Our codes provide the ability for Question Generation, please follow these steps to train your QG models.

Enviroment

run pip install -r requirements.txt to install the required packages.

Train QG Models

  1. Prepare data

    You can use the hotpotQA dataset ./data/hotpotqa and squad1.1 dataset ./data/squad1.1 we provided, or use your own dataset which provides passages, references, and answers.

    If you use the datasets we provided, run python process.py to process the data, ready for your training.

    # For example: train T5 based on HotpotQA
    save_dir = 'directory to save processed data'
    hot = T5Hotpot()
    hot.deal_hotpot(save_dir)
    
  2. Train your own QG models

    We provide codes to train T5/FLAN-T5/BART-based QG models. You may update training arguments in ./args, and run the code file for specific model to train.

    # model name: code file name
    BART-base/large_finetune: bart.py
    T5-base/large_finetune: T5.py
    Flan-T5-base/large_finetune: Flan-T5.py
    Flan-T5-xl/xxl_LoRA: Flan-T5-lora.py
    

    For example, train T5-base_finetune QG model based on HotpotQA

    • Update the arg_file ./args/t5_base_hotpot.json

      {
          "model_name_or_path": "google-t5/t5-base",
          "tokenizer_name_or_path": "google-t5/t5-base",
          "max_len": 512,
          "target_max_len": 163,
          "output_dir": "./model/t5-base/hotpotqa",
          "overwrite_output_dir": true,
          "per_device_train_batch_size": 16,
          "per_device_eval_batch_size": 16,
          "gradient_accumulation_steps": 8,
          "learning_rate": 0.0001,
          "warmup_steps": 500,
          "weight_decay": 0.01,
          "num_train_epochs": 10,
          "seed": 42,
          "do_train": true,
          "do_eval": true,
          "logging_steps": 100,
          "logging_dir": "./model/t5-base/logs",
          "train_file_path": "./data/data_t5/hotpotqa/pt/train.pt",
          "valid_file_path": "./data/data_t5/hotpotqa/pt/dev.pt",
          "remove_unused_columns": false,
          "prediction_loss_only": true,
          "load_best_model_at_end": true,
          "evaluation_strategy": "epoch",
          "save_strategy": "epoch"
      }
      
    • Run code in T5.py to train QG model

      # train model
      arg_path = './args/t5_base_hotpot.json'
      data_dir = 'directory of your data'    # processed data
      train_path = data_dir + 'train.json'
      dev_path = data_dir + 'dev.json'
      test_path = data_dir + 'test.json'   # optional
      train_qg(arg_path, train_path, dev_path, test_path)
      

Generate questions using QG models

We provide different types of QG models for question generation.

  1. Use fine-tuned models in lmqg

    run python apply_lmqg.py to get the questions generated by models in lmqg.

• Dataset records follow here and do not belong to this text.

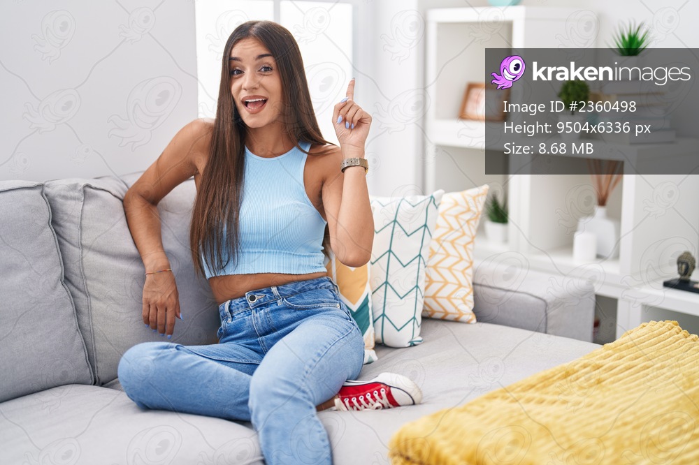 Young brunette woman sitting on the sofa at home pointing finger up with successful idea. exited and happy. number one.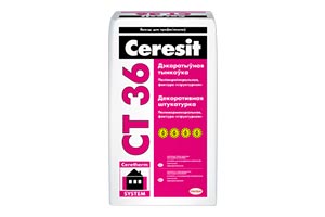 Штукатурка Ceresit CT 36 предназначена для декоративнозащитной отделки поверхности внутри и снаружи зданий по бетонным, подготовленным кирпичным, оштукатуренным основаниям и в системах теплоизоляции фасадов. Возможно получение неограниченного количества различных по внешнему виду фактур.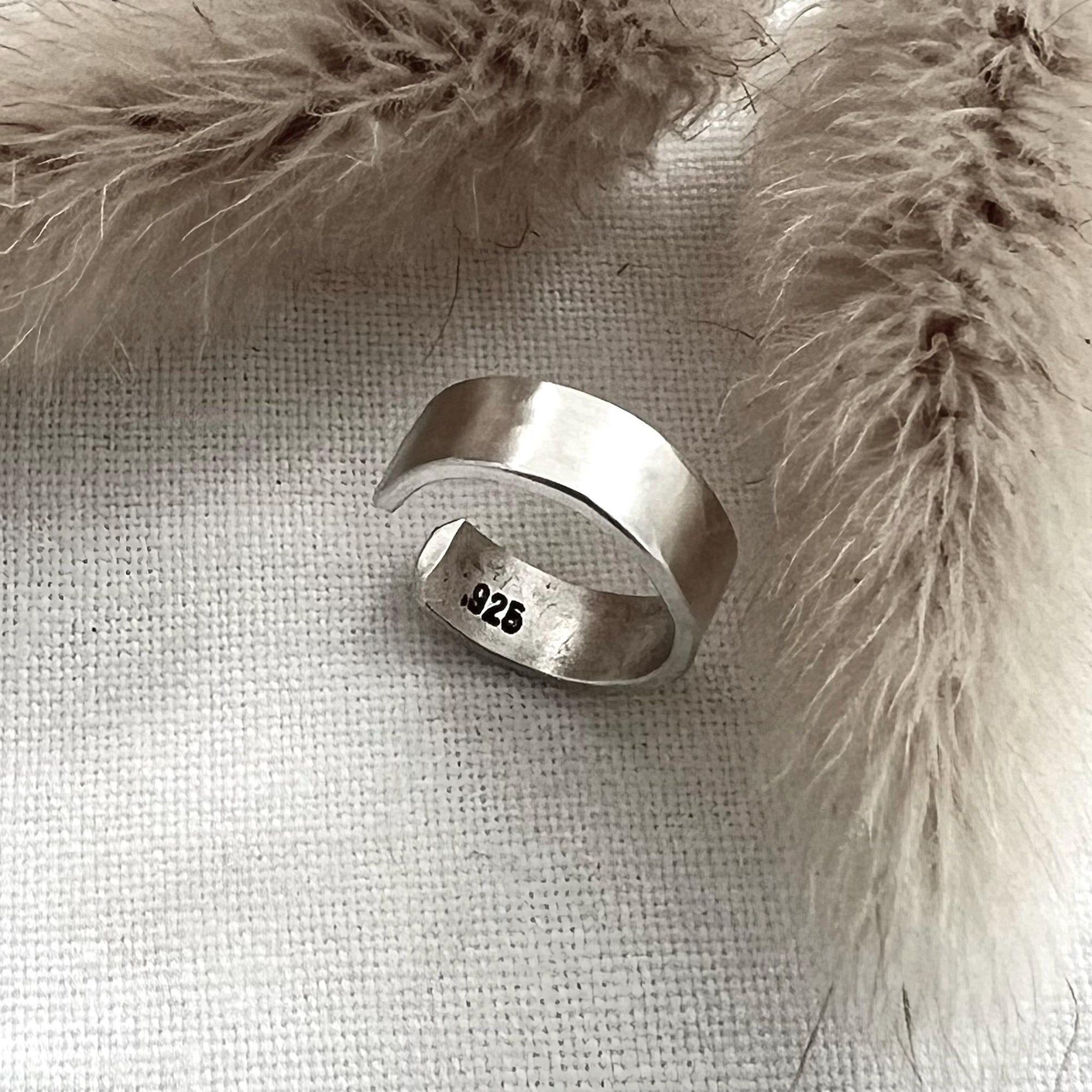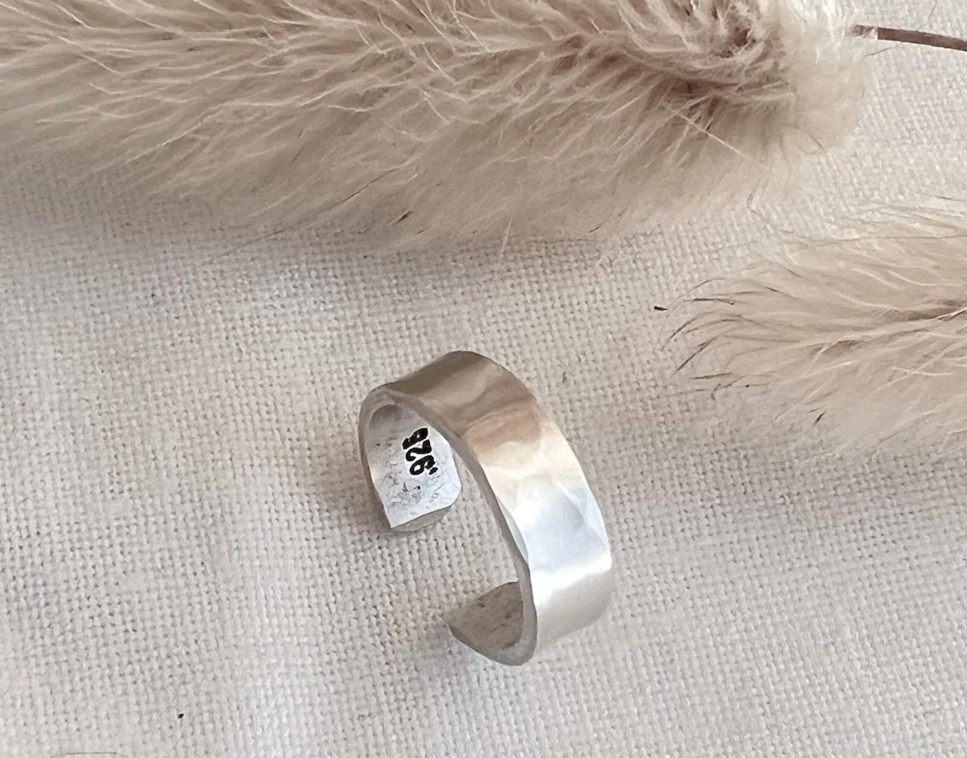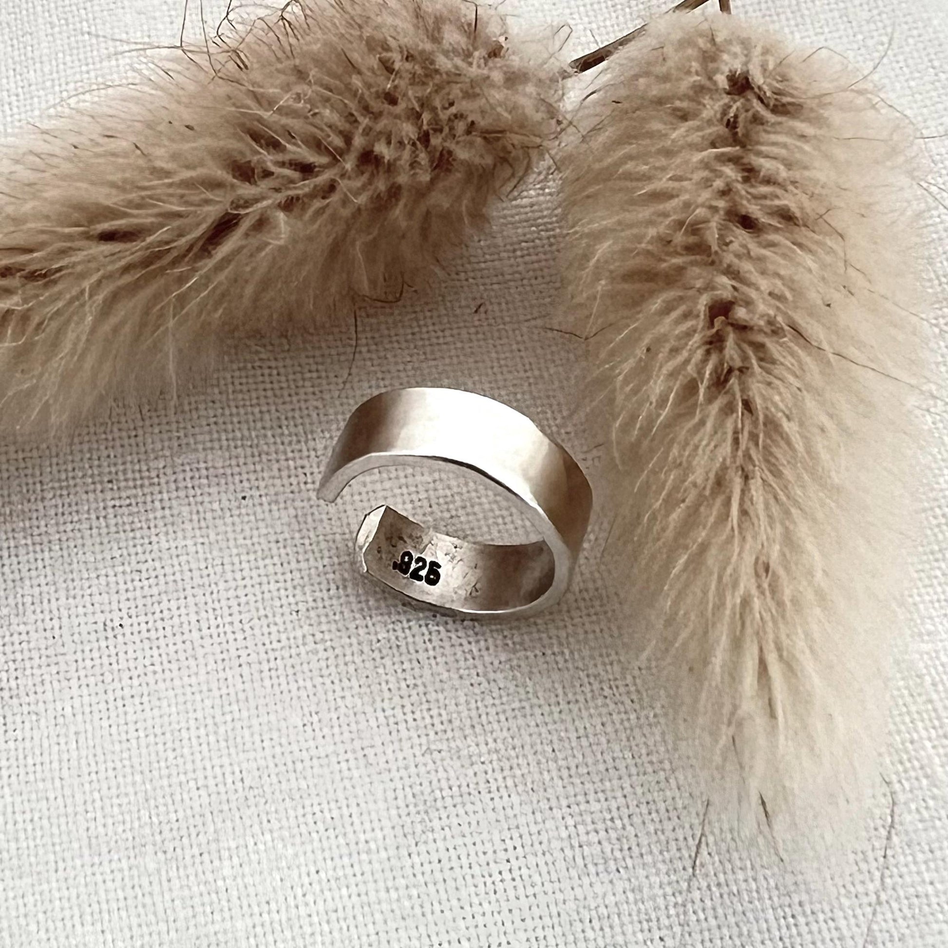 Sterling Silver ear cuff hand textured with a hammered finish 4mm wide.

    model_name = 'lmqg/flan-t5-base-squad-qg'
    data_json_path='./data/squad-test.json'
    save_path='./result/squad-test.csv'
    questions = apply_lmqg(
        model_name=model_name,
        data_json_path=data_json_path,
        save_path=save_path,
        batch_size=8
    )
    
  2. Use fine-tuned (including LoRA) models we provided for QG

    Run specific code file for each type of model. For example, to use T5-base_finetune model to generate questions on HotpotQA Test Set, run code in T5.py.

    # test
    arg_path = './args/t5_base_hotpot.json'
    test_pt_path = './data/data_t5/hotpotqa/pt/test.pt'    # tokenized test data
    model_dir = './model/t5-base/hotpotqa/'
    tokenizer_dir = model_dir + 'tokenizer/'
    result_save_path = './result/t5-base-finetune/hotpotqa/prediction.csv'
    decoded_texts = predict(model_dir, tokenizer_dir, test_pt_path, result_save_path)
    
  3. Use few-shot mode

    Run specific code file for each type of model. For example, to use Flan-T5-xl_fewshot model to generate questions on HotpotQA Test Set, run code in Flan-T5.py.

    # few-shot prediction
    model = 'google/flan-t5-large'
    few_shot_path = './data/squad1.1-few.json' # examples used for few-shot learning
    test_path = './data/squad-dev.json'
    result_save_path = './result/{}/prediction-few.csv'.format(model)
    dataset_name = 'hotpotqa'
    predict_few(model, few_shot_path, test_path, result_save_path, dataset_name)
    
  4. Use GPTs

    Run code in generate_gpt.py

    data_path = './test.xlsx'    # your data for QG
    model = 'gpt-3.5-turbo'
    save_dir = './result/'
    few_shot_path = './data/hotpotqa-few.json'
    question_generation(
        data_path=data_path,
        model=model,
        save_dir=save_dir,
        few_shot_path=few_shot_path
    )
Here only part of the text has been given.